A-RAB: So take him to a social worker!

ACTION
Dear kindly social worker,
The team I root for sucks.
They should all be a soda jerkers,
Which means like be a schumck.
They’re not all anti-social,
This is their only quirk.
Gloryosky! That's why I'm a jerk!

BABY JOHN: (As Female Social Worker)
Eek!
Officer Krupke, you've done it again.
This team jus don’t need hitters, it needs some help in the pen.
It ain't just a question of misunderstood;
Deep down inside them, they’re no good!

ACTION
They’re no good!

ALL
They’re no good, They’re no good!
They’re no earthly good,
The team we love is no damn good!

DIESEL (As Judge)
The trouble is they’re crazy.

A-RAB (As Psychiatrist)
They just hit little dinks.

BABY JOHN (As Female Social Worker)
The trouble is they’re lazy.

DIESEL
The trouble is they stink.

A-RAB
The trouble’s leads they’re blowing.

BABY JOHN
The Trouble’s games they’ve blown.

ALL
Krupke, we got troubles of our own!

Gee, Officer Krupke,
We're down on our knees,
'Cause no one wants a team with anti- RBI disease.
Gee, Officer Krupke,
What are we to do?
Gee, Omar Minaya,
Krup you!

*****************************************************************
In progress:

Bonilla
The fans keep on cursing Bonilla…


Carlos Beltran’s in A-mer-i-ca
Making big bucks in A-mer-i-ca……

*********************************************************************
C'mon Mole, give me some help here...

Vic Sage
Sep 13 2005 09:54 AM

i think youse guys need a production attorney / general manager, who is experienced at writing librettos.

seawolf17
Sep 13 2005 10:14 AM

Can we include "Hooray For Hamulack"? It's in another thread somewhere.

ScarletKnight41
Sep 13 2005 10:23 AM

FWIW, D-Dad can actually sing. I mean, really sing (our daughter got it from somewhere, and it certainly wasn't from me). And he's old, slow and white - perhaps he can be Todd Zeile!

Diamond Dad
Sep 13 2005 10:25 AM
Who's Old???

Slow and White -- guilty. But who's Old@@????

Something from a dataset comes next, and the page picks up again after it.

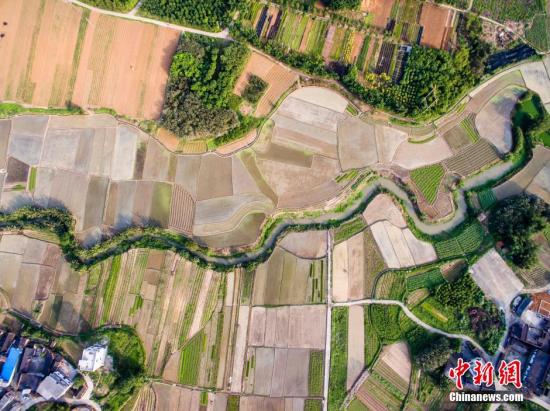 资料图:航拍广西柳州市柳北区沙塘镇耕地,五彩缤纷。 黄威铭 摄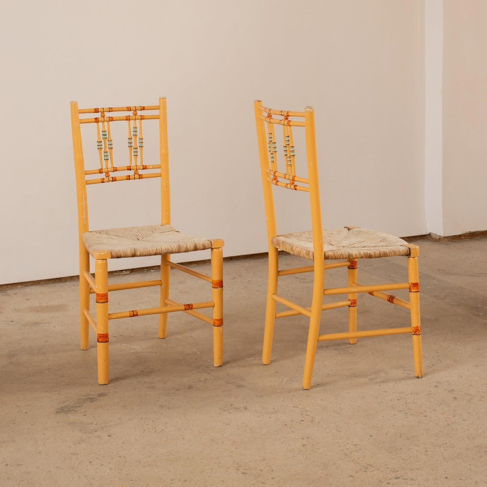 A Faux Bamboo Regency Chairs With Striped Paint

I'd rather play Davey Johnson

Edgy DC
Sep 13 2005 10:31 AM

I see you as more of a Kelvin Chapman.

Rockin' Doc
Sep 13 2005 06:43 PM

If you need someone to play Rick Reed, I'm your guy. I'm only a few years older than Reed, I can throw about as hard as he can (now), I weigh about the same as he does (though I'm several inches shorter), and I definitely have the southern accent down.

ScarletKnight41
Sep 13 2005 07:45 PM

But you're not prematurely bald.

Zvon
Sep 13 2005 07:57 PM

MFS62---thats a hilarious spoof of West Side Story. Classic.

Ill design the sets and run the art department.
And Im willing to play a minor role if I get paid scale.